**Your objective**:
Skip the pictures. Copy all the rest of the records down exactly.

**Working data**:
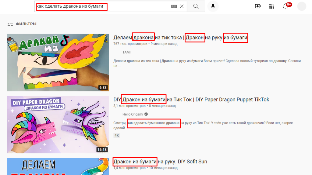 Пример, как работает SEO на YouTube: в описании и названии видео есть ключевые слова, поэтому ролики показаны по запросу
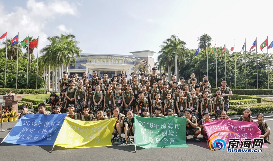 2019年瓊海市留守(困境)兒童夏令營(yíng)參營(yíng)小學(xué)員在博鰲亞洲論壇會(huì)址前合影留念。南海網(wǎng)記者 李昊 攝
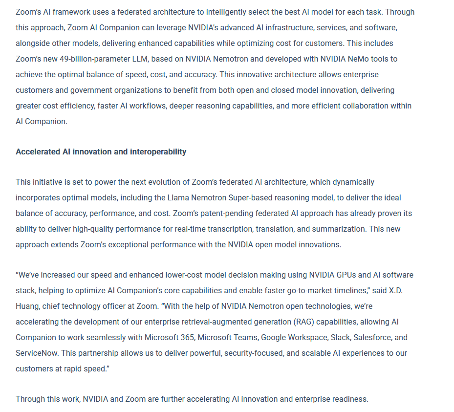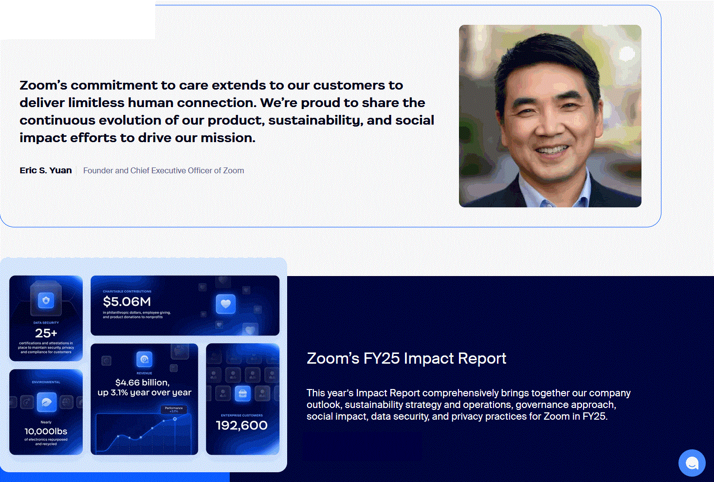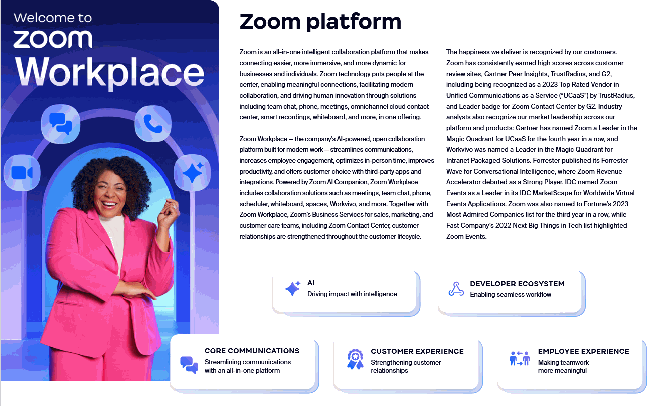 We’re on a mission to reimagine the way we communicate and collaborate in a hybrid working world. The Zoom platform brings employee and customer experience together that people love to use. Flagship products like Zoom Meetings, Zoom Phone, and Zoom Team Chat are among the core products on the platform that are critical to business communication and collaboration needs. We strive to continue building a platform that helps people work smarter, be more engaged with work, and better connect with each other. AI has been core to Zoom’s product DNA over many years, grounded in our conviction that AI can make work more human by strengthening collaboration, productivity, and inclusivity.
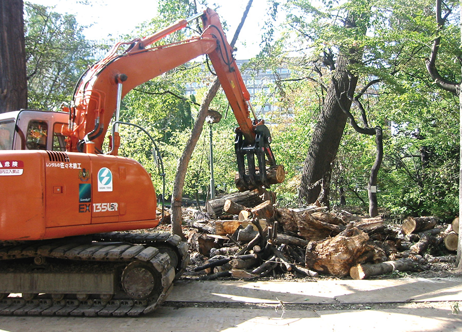 2004年の風台風、雨は降らずに晴れていましたが猛烈な風が樹木をなぎ倒しました。札幌の市街地も倒木で交通が遮断され都市機能は停止。写真①は道庁の前庭ですが山中で木を伐り出しているような光景でした。  一方の山間部も樹木がなぎ倒され、一部が川に流れ込み、下流域に押し流されます。写真②は沙流川上流部の二風谷ダム付近ですが、除けられた倒木が山積みになっていました。海岸のほうはさらにひどく、漁港にまで流木が流れ込んでいました。
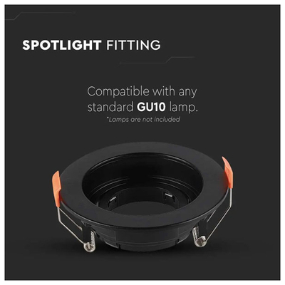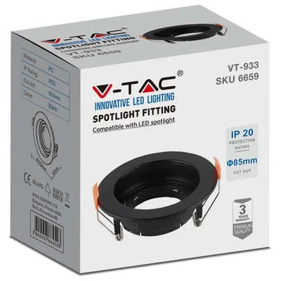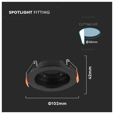 V-TAC Βάση Σποτ Χωνευτή Στρογγυλή Κινητή για GU10 IP20 Πλαστική Ø102x42mm Μαύρη 6659

**Solution**:
 Пример, как работает SEO на YouTube: в описании и названии видео есть ключевые слова, поэтому ролики показаны по запросу
 2019年瓊海市留守(困境)兒童夏令營(yíng)參營(yíng)小學(xué)員在博鰲亞洲論壇會(huì)址前合影留念。南海網(wǎng)記者 李昊 攝
 We’re on a mission to reimagine the way we communicate and collaborate in a hybrid working world. The Zoom platform brings employee and customer experience together that people love to use. Flagship products like Zoom Meetings, Zoom Phone, and Zoom Team Chat are among the core products on the platform that are critical to business communication and collaboration needs. We strive to continue building a platform that helps people work smarter, be more engaged with work, and better connect with each other. AI has been core to Zoom’s product DNA over many years, grounded in our conviction that AI can make work more human by strengthening collaboration, productivity, and inclusivity.
 2004年の風台風、雨は降らずに晴れていましたが猛烈な風が樹木をなぎ倒しました。札幌の市街地も倒木で交通が遮断され都市機能は停止。写真①は道庁の前庭ですが山中で木を伐り出しているような光景でした。  一方の山間部も樹木がなぎ倒され、一部が川に流れ込み、下流域に押し流されます。写真②は沙流川上流部の二風谷ダム付近ですが、除けられた倒木が山積みになっていました。海岸のほうはさらにひどく、漁港にまで流木が流れ込んでいました。
 V-TAC Βάση Σποτ Χωνευτή Στρογγυλή Κινητή για GU10 IP20 Πλαστική Ø102x42mm Μαύρη 6659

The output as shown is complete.